§ **Input data**:
---*---

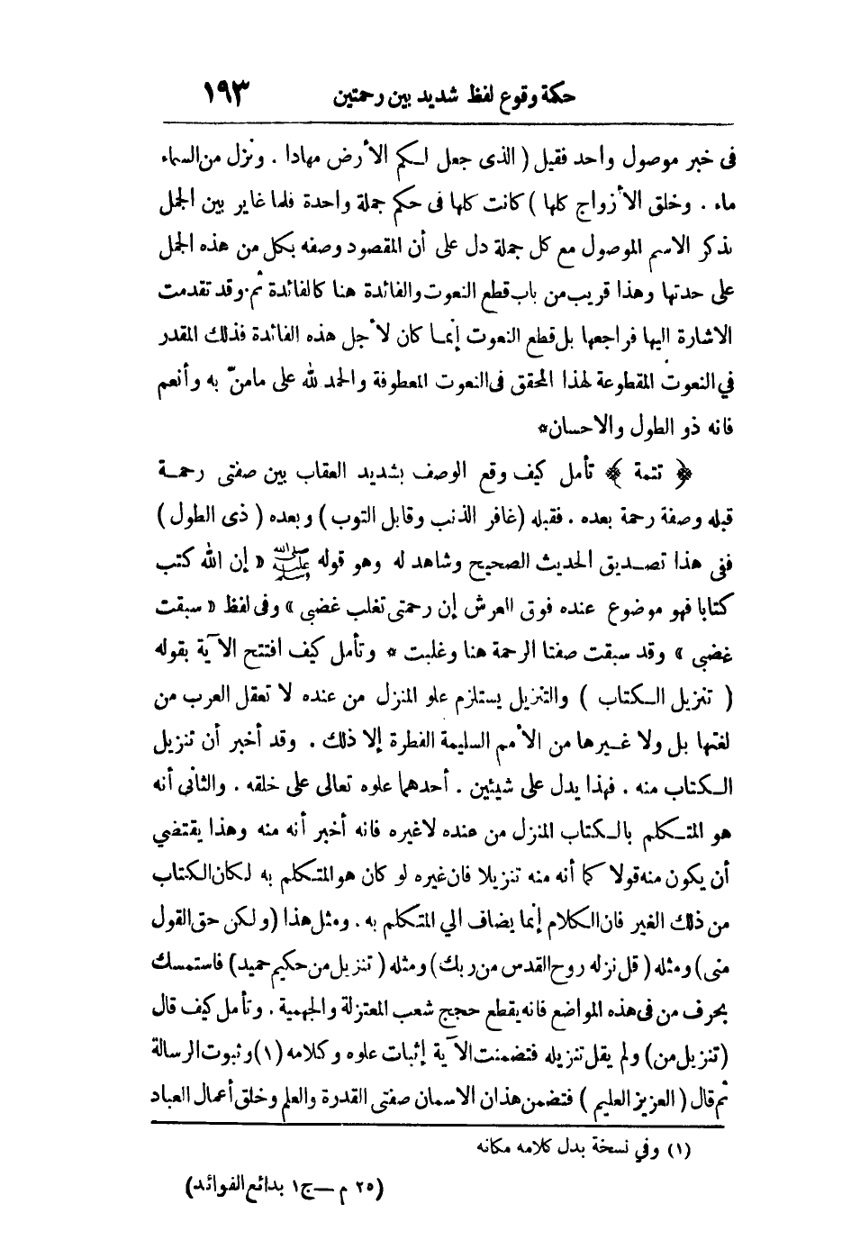 تتمة: تأمل كيف وقع الوصف بشديد العقاب بين صفة رحمة قبله وصفة رحمة بعده فقبله {غَافِرِ الذَّنْبِ وَقَابِلِ التَّوْبِ} وبعده {ذِي الطَّوْلِ} ففي هذا تصديق الحديث الصحيح وشاهد له وهو قوله صلى الله عليه وسلم: "إن الله كتب كتابا فهو موضوع عنده فوق العرش إن رحمتي تغلب غضبي" رواه البخاري ومسلم وفي لفظ": سبقت غضبي " وقد سبقت صفة الرحمة هنا وغلبت وتأمل كيف افتتح الآية بقوله: {تَنْزِيلُ الْكِتَابِ} والتنزيل يستلزم علو المنزل من عنده لا تعقل العرب من لغتها بل ولا غيرها من الأمم السليمة الفطرة إلا ذلك وقد أخبر أن تنزيل الكتاب منه فهذا يدل على شيئين أحدهما علوه تعالى على خلقه والثاني أنه هو المتكلم بالكتاب المنزل من عنده لا غيره فإنه أخبر أنه منه وهذا يقتضي أن يكون منه قولا كما أنه منه تنزيلا فإن غيره لو كان هو المتكلم به لكان الكتاب من ذلك الغير فإن الكلام فإنما يضاف إلى المتكلم به ومثل هذا {وَلَكِنْ حَقَّ الْقَوْلُ مِنِّي} ومثله: {قُلْ نَزَّلَهُ رُوحُ الْقُدُسِ مِنْ رَبِّكَ} ومثله: {تَنْزِيلٌ مِنْ حَكِيمٍ حَمِيدٍ} فاستمسك بحرف من في هذه المواضع فإنه يقطع حجج شعب المعتزلة والجهمية وتأمل كيف قال: {تَنْزِيلٌ مِنَ} ولم يقل تنزيله فتضمنت الآية إثبات علوه ومكانه وثبوت الرسالة ثم قال: {الْعَزِيزِ الْعَلِيمِ} فتضمن هذان الاسمان صفتي القدرة والعلم وخلق أعمال العباد
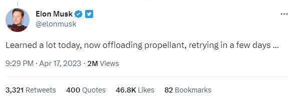 SpaceX公司首席执行官马斯克随后在推特上发文称,“今天学到了很多,现在卸载推进剂,过几天再尝试……”
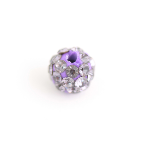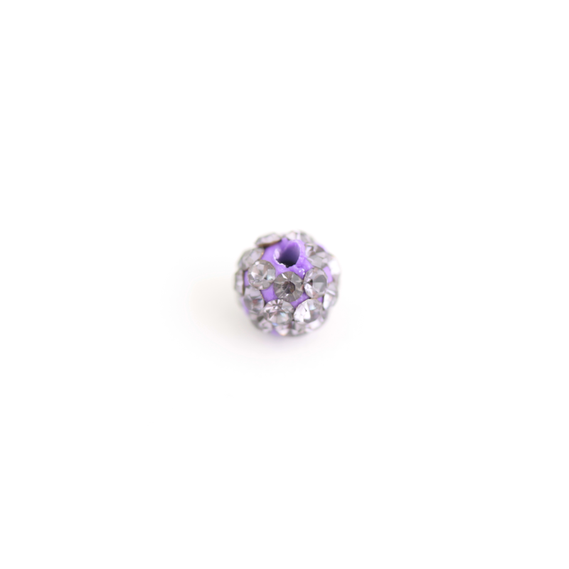 Bola de 6 mm. con strass morado. Taladro interior de 1.5 mm. La bolsa contiene 1 unidad.

---*---

Begin at the line that contains "SpaceX公司首席执行官马" and transcribe exactly, and only, each line through the final line of the data above, both included; the pictures do not go in.

 SpaceX公司首席执行官马斯克随后在推特上发文称,“今天学到了很多,现在卸载推进剂,过几天再尝试……”
 Bola de 6 mm. con strass morado. Taladro interior de 1.5 mm. La bolsa contiene 1 unidad.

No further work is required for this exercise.